## Activity
The entries below contain pictures, which are to be left out; write out exactly, and only, the lines from the line with "原書: 雅安書屋文集﹕二卷(清汪嫈撰) |" up to and including the line with "グローバルX 米ドル建て投資適格社債 ETF(為替ヘッジあり) |".

--- Data supplied Enclosed Below ---

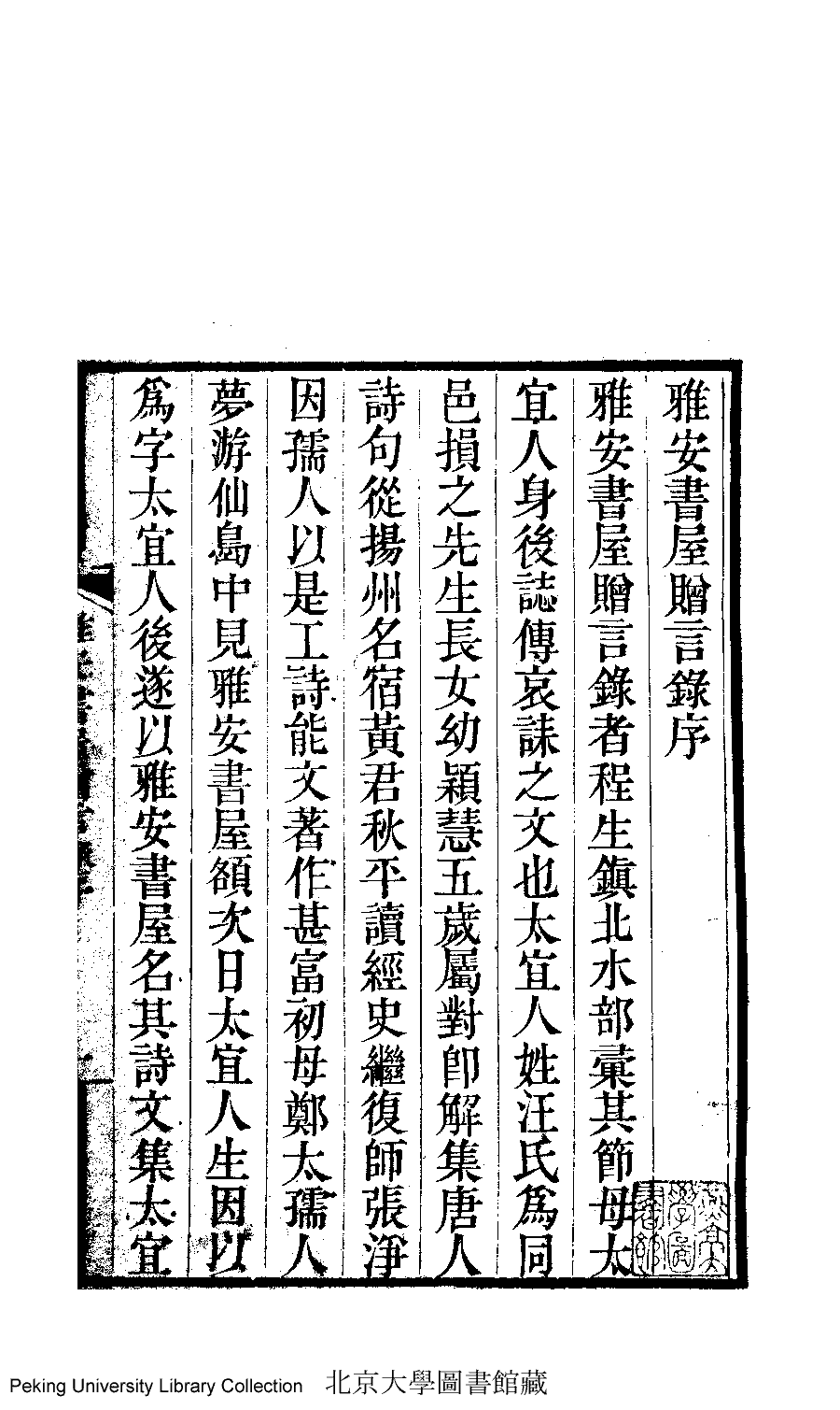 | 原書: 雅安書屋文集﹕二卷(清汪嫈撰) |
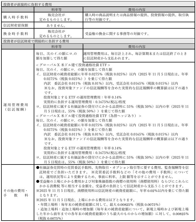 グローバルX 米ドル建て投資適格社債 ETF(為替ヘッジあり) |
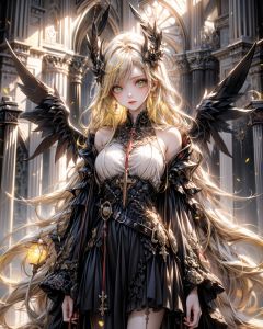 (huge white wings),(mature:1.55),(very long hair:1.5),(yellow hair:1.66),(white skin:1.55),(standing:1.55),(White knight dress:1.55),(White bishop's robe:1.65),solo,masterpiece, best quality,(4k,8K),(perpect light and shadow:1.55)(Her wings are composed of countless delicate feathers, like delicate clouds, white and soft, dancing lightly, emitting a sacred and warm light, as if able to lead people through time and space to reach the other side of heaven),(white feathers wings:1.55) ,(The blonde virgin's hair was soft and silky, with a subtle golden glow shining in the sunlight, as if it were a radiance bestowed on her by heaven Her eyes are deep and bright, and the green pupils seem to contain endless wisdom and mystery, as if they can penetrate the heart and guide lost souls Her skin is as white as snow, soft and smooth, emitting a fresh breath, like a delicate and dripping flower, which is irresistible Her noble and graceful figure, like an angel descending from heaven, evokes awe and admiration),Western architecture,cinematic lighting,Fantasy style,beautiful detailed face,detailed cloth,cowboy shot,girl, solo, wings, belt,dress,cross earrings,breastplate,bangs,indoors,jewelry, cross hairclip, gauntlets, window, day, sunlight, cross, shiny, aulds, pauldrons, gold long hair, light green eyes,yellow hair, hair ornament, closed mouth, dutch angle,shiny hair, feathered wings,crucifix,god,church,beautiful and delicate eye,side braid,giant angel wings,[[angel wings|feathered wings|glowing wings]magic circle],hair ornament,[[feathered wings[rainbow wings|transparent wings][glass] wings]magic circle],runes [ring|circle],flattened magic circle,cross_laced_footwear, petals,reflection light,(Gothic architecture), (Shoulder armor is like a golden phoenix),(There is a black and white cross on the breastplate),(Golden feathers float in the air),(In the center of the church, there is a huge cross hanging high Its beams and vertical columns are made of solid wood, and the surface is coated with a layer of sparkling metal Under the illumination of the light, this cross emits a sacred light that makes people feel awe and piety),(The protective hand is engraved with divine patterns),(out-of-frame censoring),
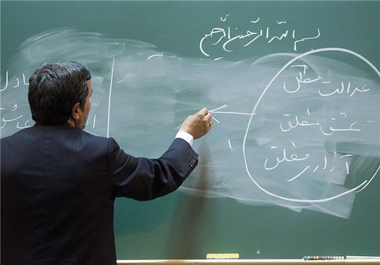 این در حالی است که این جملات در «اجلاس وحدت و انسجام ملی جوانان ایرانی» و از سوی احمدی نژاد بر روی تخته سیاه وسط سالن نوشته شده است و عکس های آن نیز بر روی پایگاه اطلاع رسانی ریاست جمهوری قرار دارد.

--- End of Enclosed Data supplied ---
--- Data supplied Enclosed Below ---

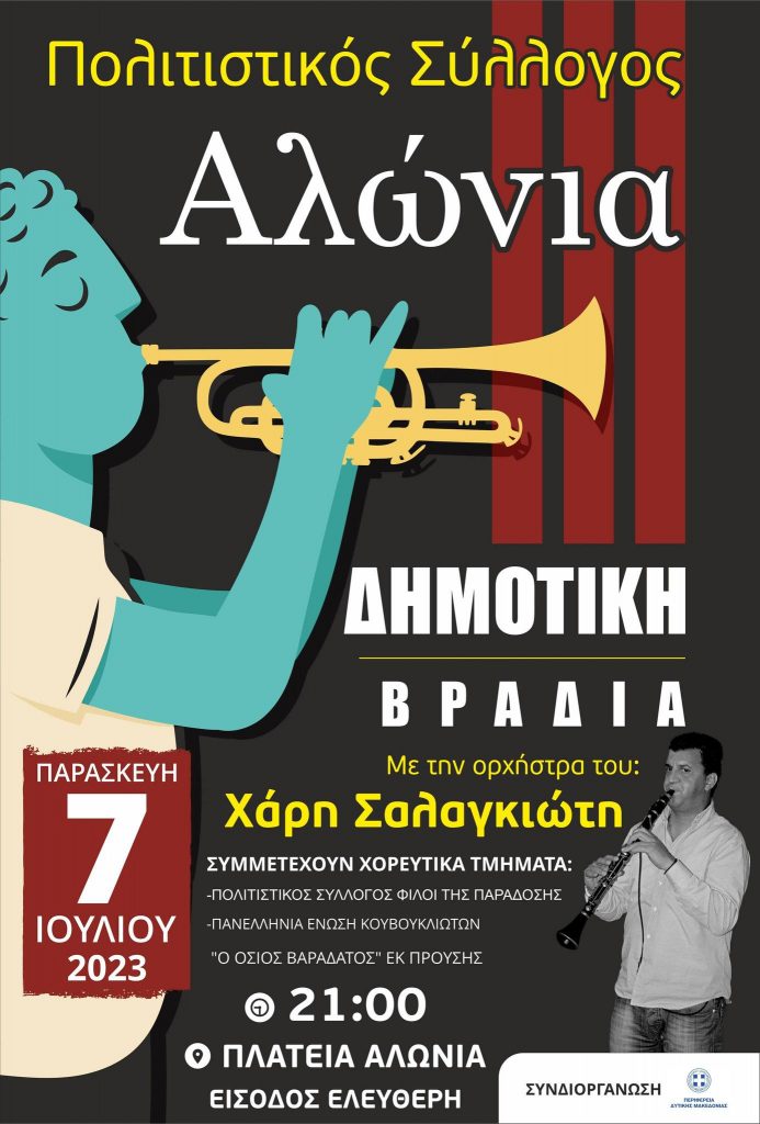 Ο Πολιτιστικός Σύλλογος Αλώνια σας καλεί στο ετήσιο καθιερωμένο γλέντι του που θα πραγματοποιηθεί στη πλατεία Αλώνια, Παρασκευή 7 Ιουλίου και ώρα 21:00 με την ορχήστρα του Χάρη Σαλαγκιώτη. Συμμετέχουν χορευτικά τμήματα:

--- End of Enclosed Data supplied ---

## Solved problem
 | 原書: 雅安書屋文集﹕二卷(清汪嫈撰) |
 グローバルX 米ドル建て投資適格社債 ETF(為替ヘッジあり) |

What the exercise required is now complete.